Direct hot deformation of as-grown n-type Bi2Te3 ingots: a simple thermoelectric optimization strategy

Abstract

As the only commercially applied thermoelectric material at room temperature, n-type Bi₂Te₃ suffers from a relatively low dimensionless figure of merit (zT), which limits the improvement of device conversion efficiency. The primary challenge in improving n-type Bi₂Te₃ performance lies in how to reduce the lattice thermal conductivity while maintaining the large-size grains and their orientation. Based on zone-melted ingots, we present a preparation method of hot deformation (ZM-HD) to resolve this issue. Benefiting from the donor-like effect, the ZM-HD samples exhibit an enhanced power factor of 59 μW cm⁻¹ K⁻² compared to the ZM counterparts.

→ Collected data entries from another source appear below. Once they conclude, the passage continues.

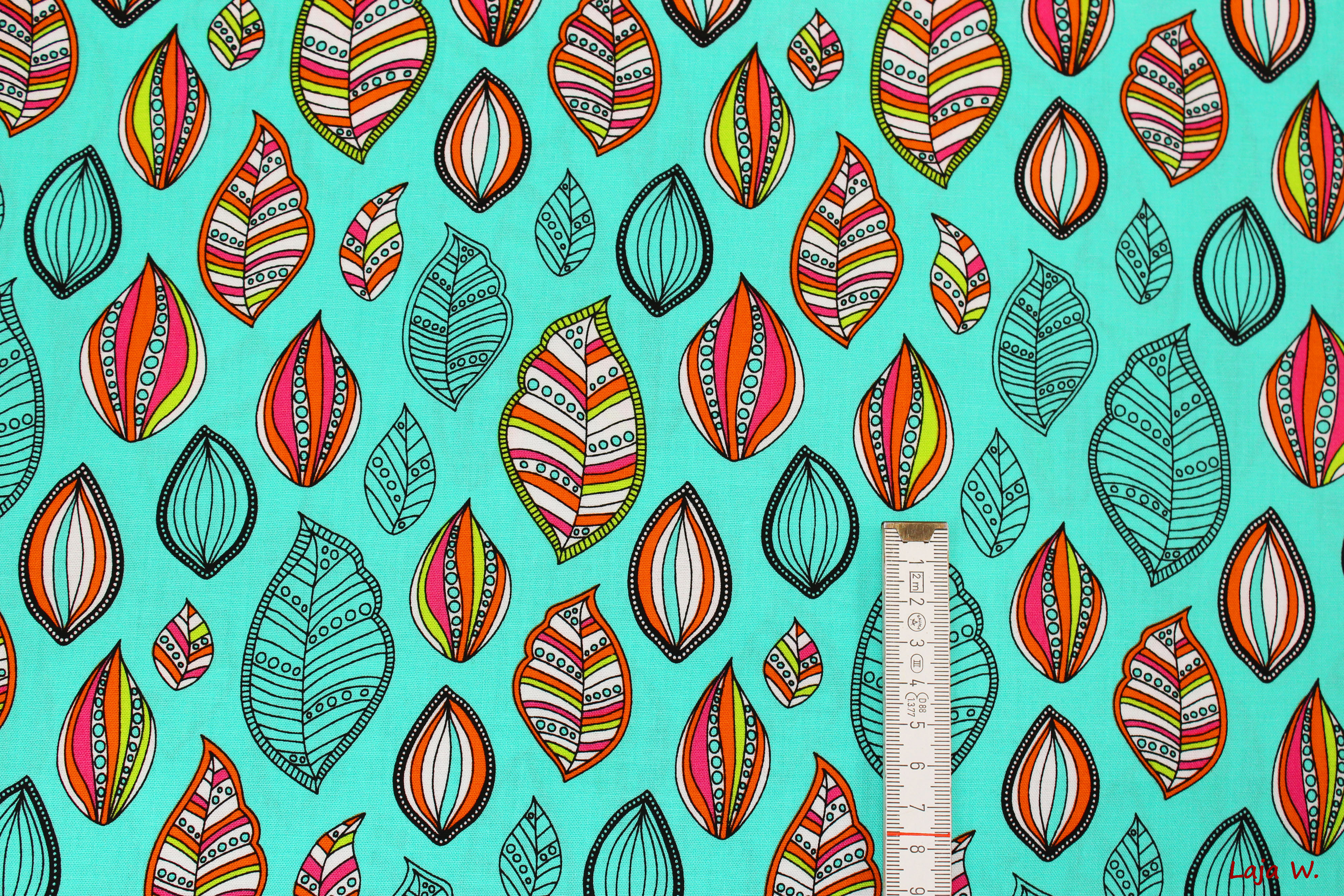 Hier biete ich Euch einen wundervollen Designerstoff aus dem Hause von Robert Kaufmann mit trendigen bunten Blättern an.
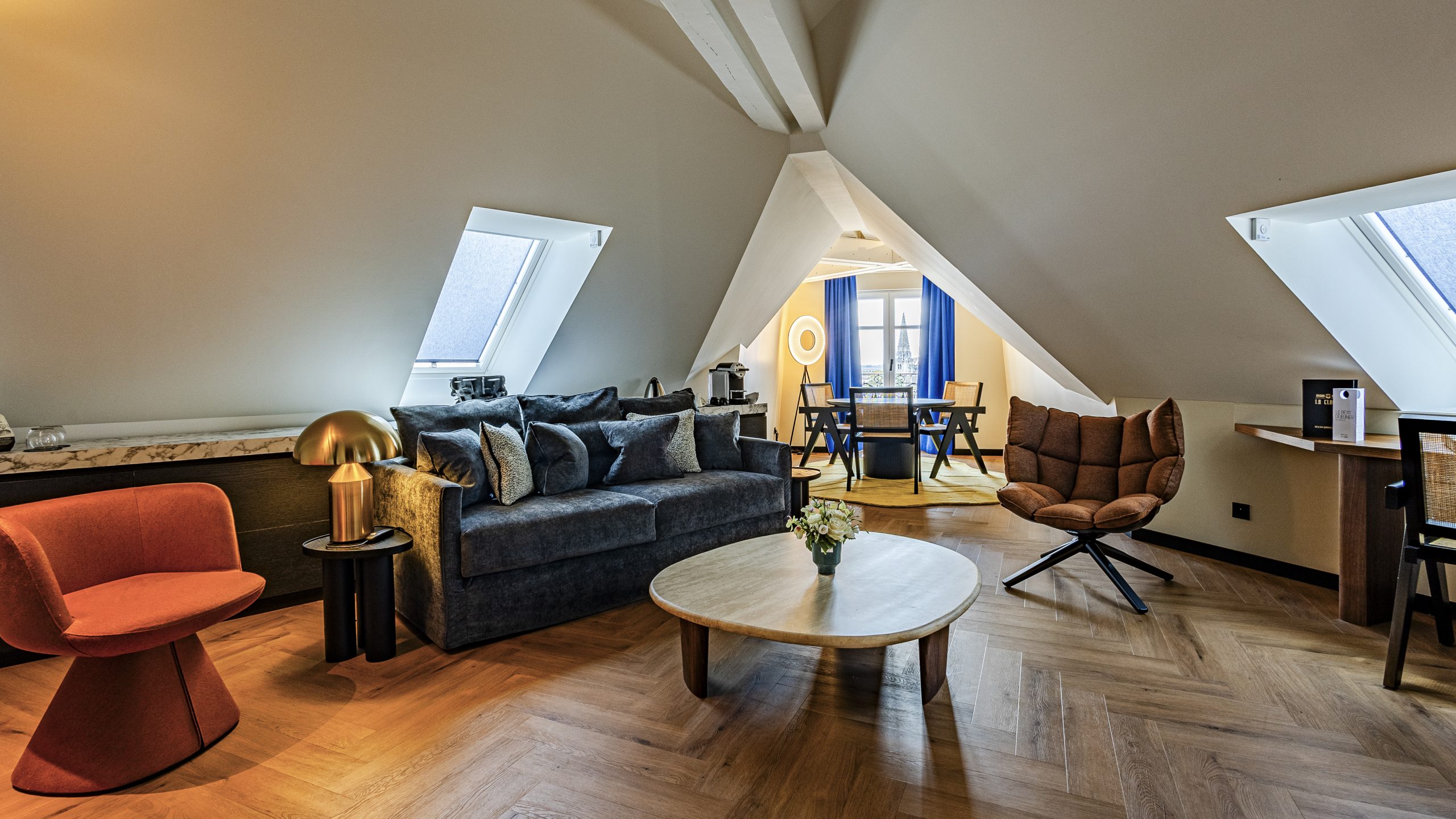 Dans nos suites, chaque détail vise à vous offrir une parenthèse hors du temps : volumes généreux, boiseries chaleureuses et tissus soigneusement sélectionnés. Que vous soyez en quête d’un refuge intime ou d’un espace à vivre spacieux, vous trouverez ici l’adresse parfaite pour prolonger votre séjour à Dijon.
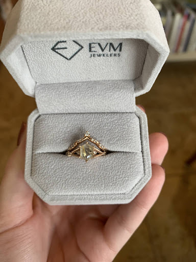 I cannot rate EVM Jewelers highly enough! I found an engagement ring design I loved online, and Brooke was wonderful in helping make my custom dream ring a reality. From being super respectful of our budget and ensuring we did not pay above what she first quoted, to doing her own research about my stone options (I went with a unique quartz over a traditional diamond), to making sure I was 100% happy with the design I could not have asked for better customer service! She was great about helping me customize, which was a breath of fresh air after several jewelers I visited weren't really prepared to go outside of the traditional styles and stone options.

Combined with the decrease in lattice thermal conductivity caused by dense dislocations, the maximum zT of the ZM-HD samples reached 1.18 at 350 K. The obtained results are comparable to those of a previous report using the layered crystal stacking hot deformation method, saving the process of mechanical exfoliation. The maximum conversion efficiency of the prepared 17-pair thermoelectric module reached 6.2%. This work demonstrates a simple and efficient approach for the scalable fabrication of high-performance n-type Bi₂Te₃-based materials.